# Task item
In the records below, the lines between the one holding "[중앙방송, 김정아기자] 박진" and the one holding "Vintage Khaki Military", inclusive, are to be transcribed exactly; no pictures are to be included.

Data records
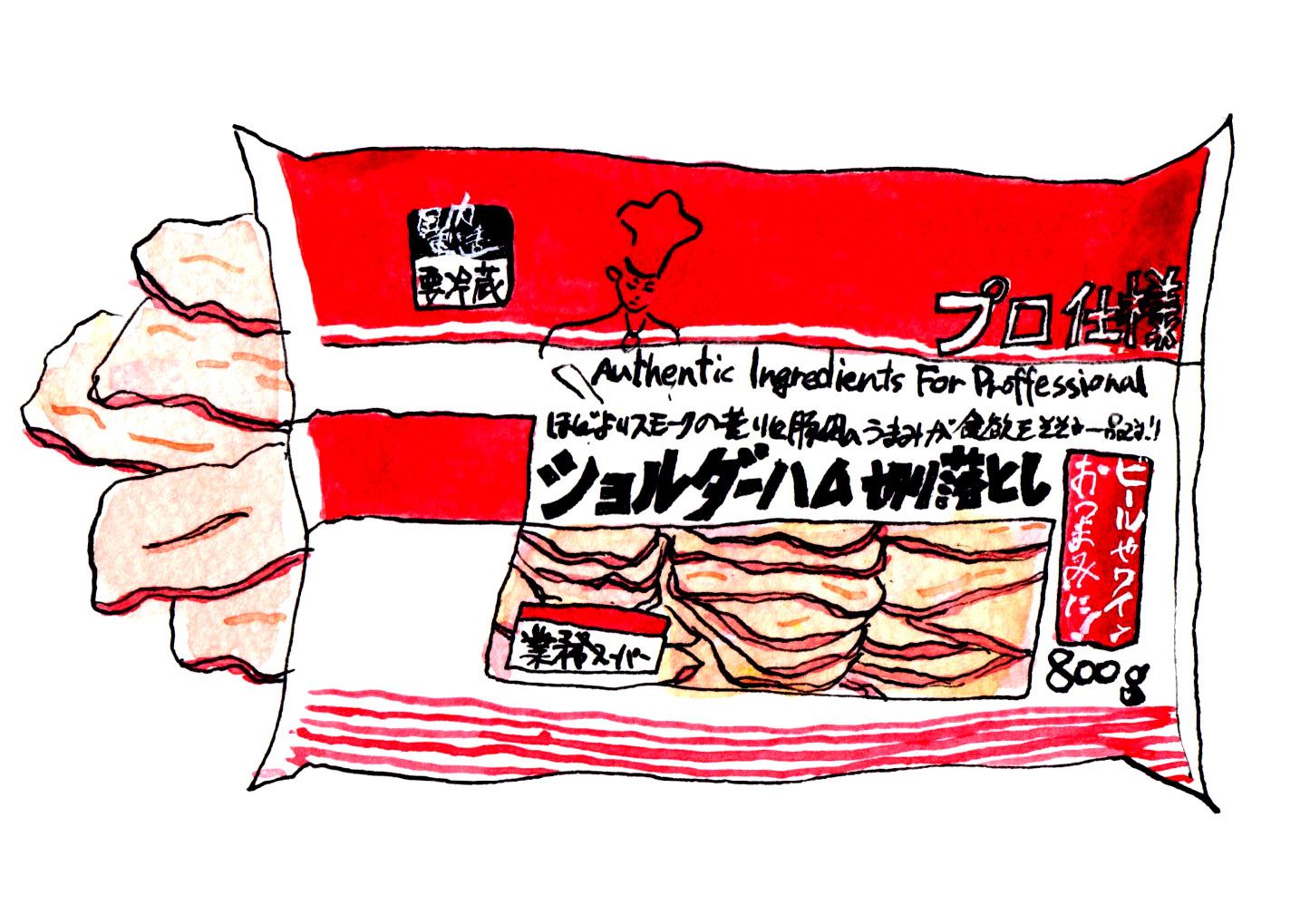 800g861円、大容量高コスパの代表格は「ショルダーハム切り落とし」。軽くスモークしてある濃厚な味で、オムレツやスープ、炒め物などに少し使えば旨味アップ! わざわざお肉を投入しなくてOKです。実は、業務スーパーの隠れたロングセラー商品。この「使える度」なら、納得です。
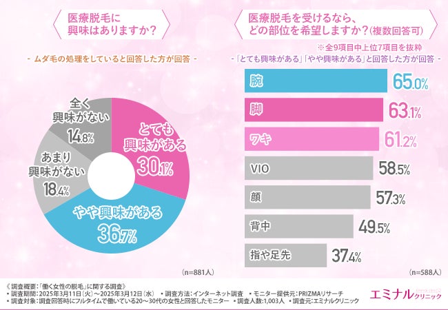 続いて、前述の質問に『とても興味がある』『やや興味がある』と回答した方に「医療脱毛を受けるなら、どの部位を希望しますか?(複数回答可)」と質問したところ、『腕(65.0%)』と回答した方が最も多く、『脚(63.1%)』『ワキ(61.2%)』と続きました。
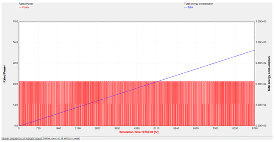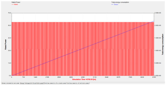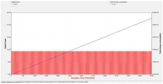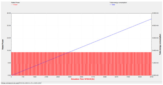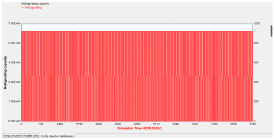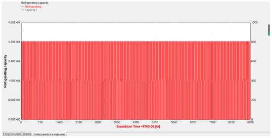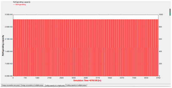 - According to the simulation Scheme 1 of TRNSYS 16 software, when the rated power of a vacuum refrigeration pump is 15 kW, it can be concluded that the annual cumulative energy consumption of a group of absorption refrigeration units corresponding to a single vacuum refrigeration pump is 54,750 kWh, as shown in Figure 9. At the same time, it can be concluded that the annual refrigerating capacity of a single vacuum refrigeration pump is 32,400 kW, as shown in Figure 10.
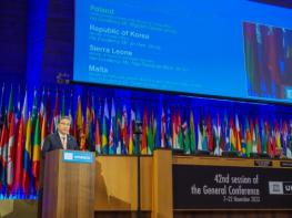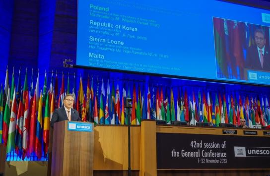 [중앙방송, 김정아기자] 박진 장관은 11월10일과 11일 프랑스 파리 방문 계기 제42차 유네스코(국제연합교육과학문화기구) 총회에 우리나라 수석대표로 참석하여 11월10일 기조연설을 하고, 오드레 아줄레(Audrey Azoulay) 유네스코 사무총장과 11월 11일 면담했다.
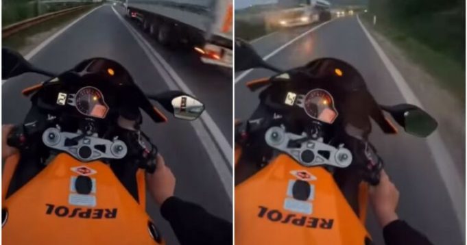 Na samom početku pretiče putnički automobil, a potom i kamion na “duploj punoj” liniji, a kod vidljivih saobraćajnih znakova ograničenja od 60 i 70 km/h, on vozi 276 i 278 km/h.
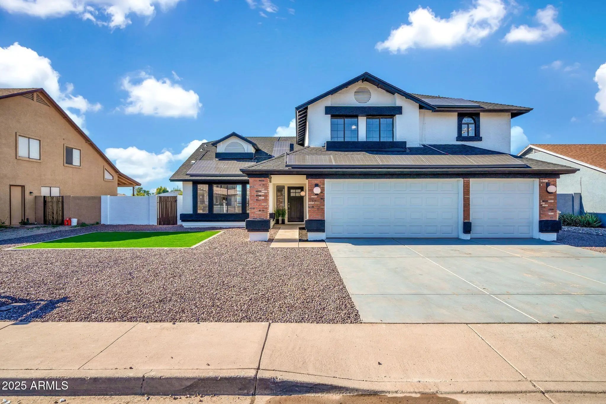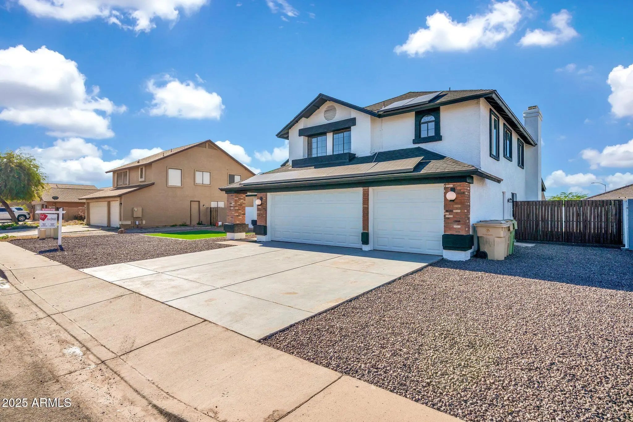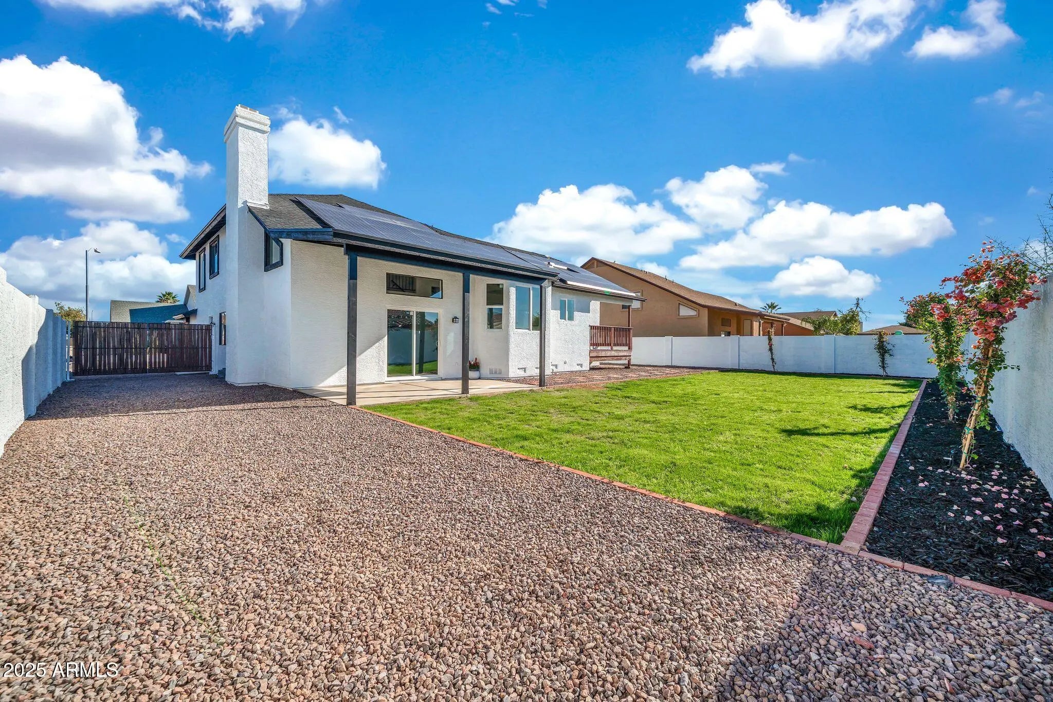 STUNNING HOME that checks all of the boxes! no HOA and RV gate with ample space for your toys. This home has a brand new roof and the interior has been tastefully remodeled with a full bathroom and a bedroom downstairs for added convenience plus new tile flooring throughout the whole house NO CARPET, new paint, new kitchen cabinets, new lightning, beautiful backyard with new irrigation system, new garage doors and more!. Energy efficient home with leased solar panels. Make this home yours today! ESPECTACULAR CASA con todo lo que necesitas! no HOA y RV gate con mucho espacio. Techo nuevo, el interior con hermoso diseno, una recamara y bano abajo, pisos de ceramica y NO alfombra en toda la casa, nueva pintura, gabinetes de cocina nuevos, puertas de garage nuevas, sistema de irigacion
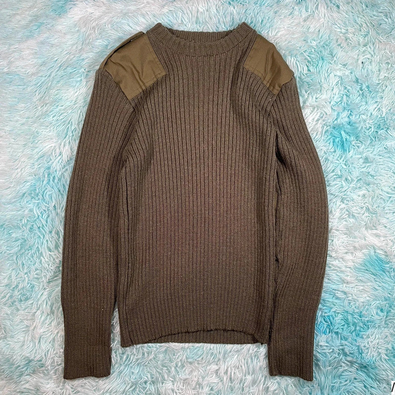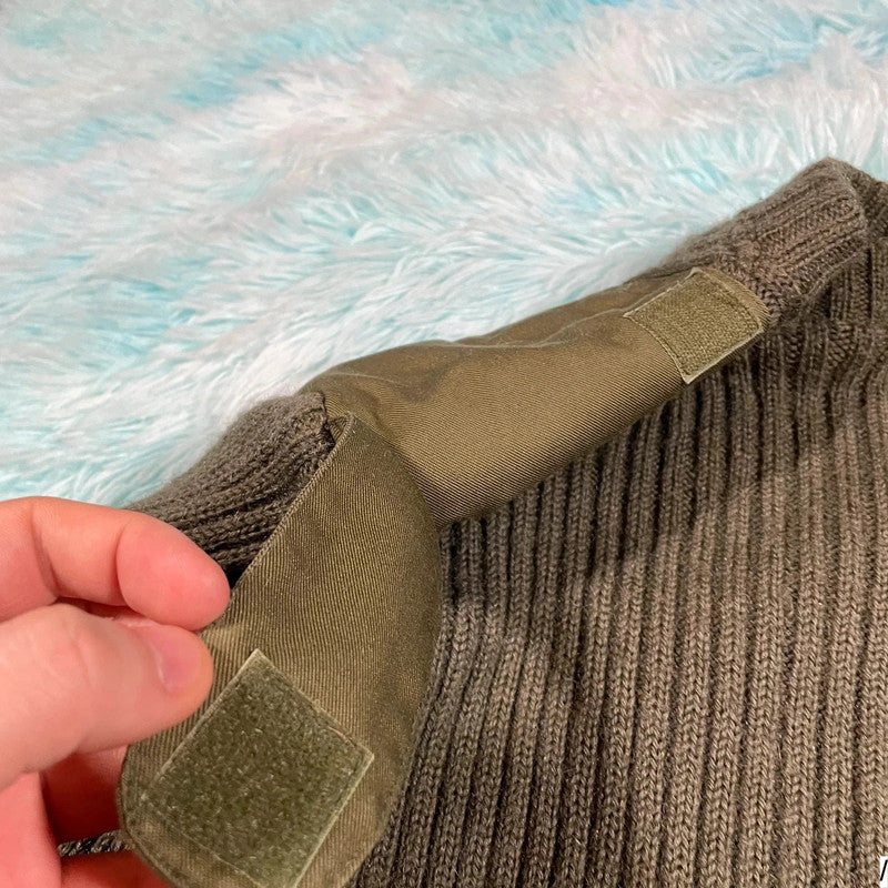 Vintage Khaki Military Army Knitted Jumper - Small
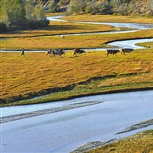 我时常想起陪朝鲁门姨夫在养蓄牧河边放牛的情景,虽然朝鲁门姨夫把纯手工擀制的山羊毛毡子给我铺上,还是有潮气让衣服粘在身上。这时,喝了酒的朝鲁门姨夫,早已进入梦乡,而且鼾声如雷,我更睡不着了。我索性就坐在窝铺的门口看星空,那种感觉很奇妙,虽然星星离我们那么远,但连在一起的星座到银河就使得夜空显得壮阔了。在浩瀚星空下的位于原野上的朝鲁门姨夫孤零零的小窝铺,就像大海中漂泊的小舟,那么渺小。当晨曦来临的时候,风渐渐停息了,远处的雾岚里地平线上露出鱼肚皮白,太阳将要露头,传来养蓄牧河的流水声。窝铺外各种青草和野花上面是密密麻麻的露珠,像一座座宫殿,里面一定住着一颗颗昨夜的星辰。围栏里的牛开始此起彼伏地叫了,打开围栏的门,我甩着长鞭,一个一个放它们出来,防止它们相互顶撞,不一会,一群牛就自由自在地在养蓄牧河畔吃草了。这时,朝鲁门姨夫也做好了饭菜,在窝铺上吃饭特别香,一样的饭菜在家里就吃不出在窝铺的味道。朝鲁门姨夫喝酒也是,平时在家也就半斤的量,在窝铺能喝一斤,还喝得甜嘴巴舌的。吃完早饭后,我和朝鲁门姨夫追随牛群去到养蓄牧河边。这时太阳升起来了,河面上波光粼粼,喝足水的牛站在河里,甩着尾巴驱赶蚊蝇。在太阳光的照射下,牛身上就像披着绸缎一样。各种颜色的牛像一匹匹多彩的绸缎,装饰着养蓄牧河畔。
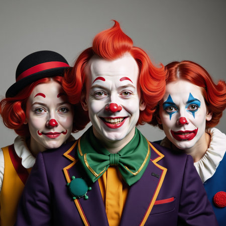 An AI generated illustration of three clowns in vibrant colors
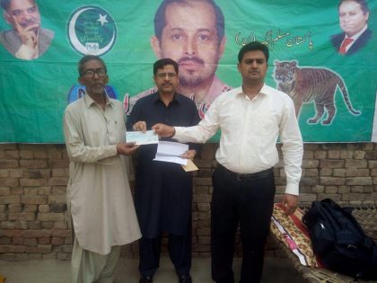 Mr. Anil Ajmal Distributed financial assistance cheques in Buddhist community of Sadiq abad on behalf of Mr. Isphanyar M. Bhandara (MNA).

# Result for this task
 [중앙방송, 김정아기자] 박진 장관은 11월10일과 11일 프랑스 파리 방문 계기 제42차 유네스코(국제연합교육과학문화기구) 총회에 우리나라 수석대표로 참석하여 11월10일 기조연설을 하고, 오드레 아줄레(Audrey Azoulay) 유네스코 사무총장과 11월 11일 면담했다.
 Na samom početku pretiče putnički automobil, a potom i kamion na “duploj punoj” liniji, a kod vidljivih saobraćajnih znakova ograničenja od 60 i 70 km/h, on vozi 276 i 278 km/h.
 STUNNING HOME that checks all of the boxes! no HOA and RV gate with ample space for your toys. This home has a brand new roof and the interior has been tastefully remodeled with a full bathroom and a bedroom downstairs for added convenience plus new tile flooring throughout the whole house NO CARPET, new paint, new kitchen cabinets, new lightning, beautiful backyard with new irrigation system, new garage doors and more!. Energy efficient home with leased solar panels. Make this home yours today! ESPECTACULAR CASA con todo lo que necesitas! no HOA y RV gate con mucho espacio. Techo nuevo, el interior con hermoso diseno, una recamara y bano abajo, pisos de ceramica y NO alfombra en toda la casa, nueva pintura, gabinetes de cocina nuevos, puertas de garage nuevas, sistema de irigacion
 Vintage Khaki Military Army Knitted Jumper - Small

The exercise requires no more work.